# Big puppy dog



## shew97 (Feb 13, 2014)

This here is my 4 year old bull mastif lab mix. He weigh 140lbs and still acts like a puppy.


----------



## Flatband (Dec 18, 2009)

Good looking Dog Bud. Mine go a little smaller. I have two male Yorkies-brothers. They really are the loves of my life. I have a harness setup and a platform that enable them to see out the window of the car but they can't fall out the open window. They help me on all my Saturday morning errands. Dogs are the best! Here's a picture of their recent birthday (9th).


----------



## Susi (Mar 3, 2013)

Nice face on him too... dogs make better friends than most people.


----------



## Flatband (Dec 18, 2009)

I agree 100% Susi!


----------



## Alfred E.M. (Jul 5, 2014)

*Hi, I agree and Yorkies are the BEST! We had ours for over 15 years and still miss him every day.
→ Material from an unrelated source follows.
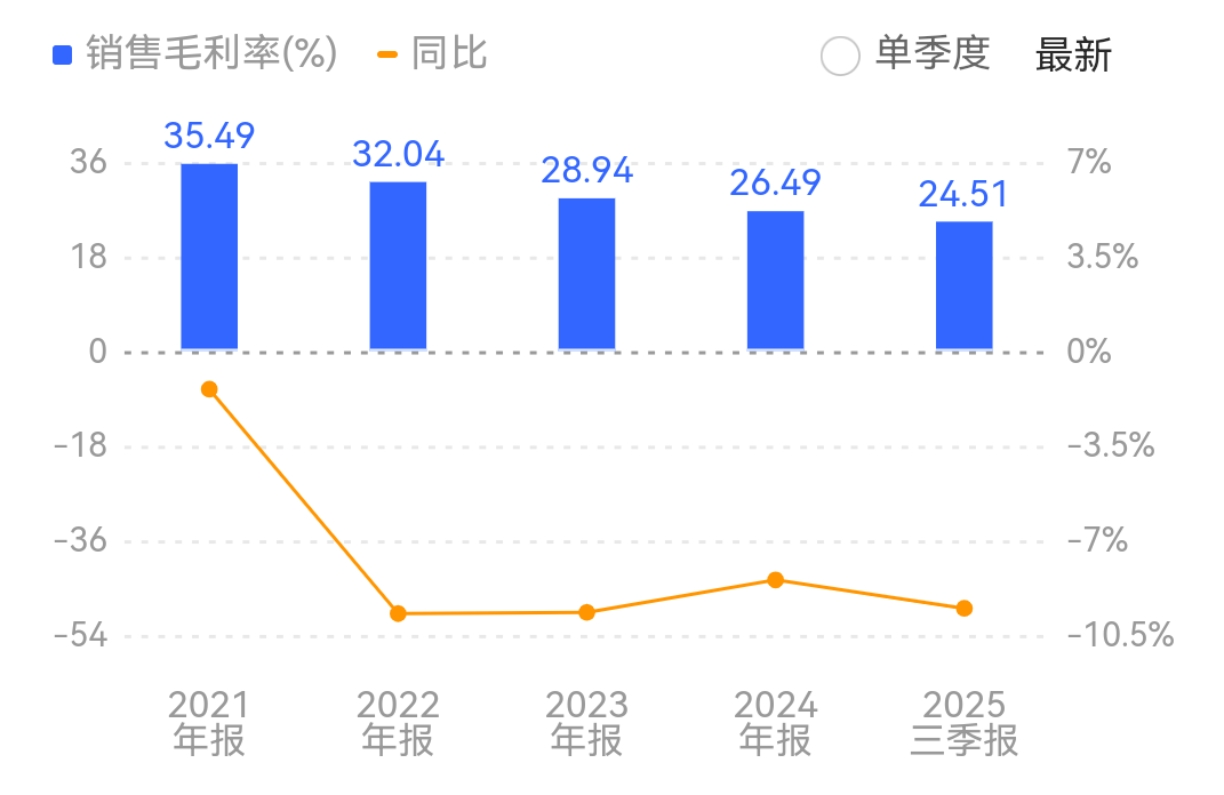 尽管新宙邦的业绩持续增长,但其盈利能力却面临挑战,2021年至2025年前三季度,公司的销售毛利率由35.49%逐步下滑至24.51%。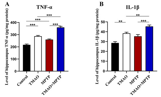We further evaluated the effect of TMAO on hippocampal neuroinflammation in the PD mice by detecting the levels of proinflammatory cytokines (TNF-α and IL-1β) by using ELISA. The results show that, compared with the control group, the hippocampal proinflammatory cytokines were significantly increased in the MPTP group, which is consistent with previous reports [20]. More importantly, the level of proinflammatory cytokines in the hippocampus of the mice in the TMAO + MPTP group was significantly higher than that in the MPTP group (Figure 6A,B). A similar result was observed in the TMAO group, with a significant increase in hippocampal proinflammatory cytokines in the TMAO group compared with the control group. These results suggest that the TMAO treatment induced neuroinflammation in the hippocampus of the TMAO-treated mice, and this proinflammatory effect was more severe and obvious in the TMAO + MPTP group mice, as manifested by higher levels of proinflammatory cytokines than in the MPTP group.

Thanks for posting. *



Flatband said:


> Good looking Dog Bud. Mine go a little smaller. I have two male Yorkies-brothers. They really are the loves of my life. I have a harness setup and a platform that enable them to see out the window of the car but they can't fall out the open window. They help me on all my Saturday morning errands. Dogs are the best! Here's a picture of their recent birthday (9th).
> 
> 
> 
> ...


----------



## S.S. sLinGeR (Oct 17, 2013)

Great looking dogs here. I guess I'll share my girl then. Her name is Samee. 
Thanks for sharing. I love dogs.


----------



## Flatband (Dec 18, 2009)

Boy Chris, you can see the devotion in Samee's eyes!


----------



## oldmiser (Jan 22, 2014)

Awesome of you fellows to share your great love for dogs..I have none at this time...I have had a few

different dogs in the past years..They all had the purpose in my life....1 Hunting Bird Dog.(German Short Hair) 1 Hunting Beagle(squirrels)..1 champion show dog(Long Hair Chihuahua)15 thophies First & Grand Champion......

So yeah I do love Dogs......To old now in life to even think about the care for any pets...~AKAOldmiser


----------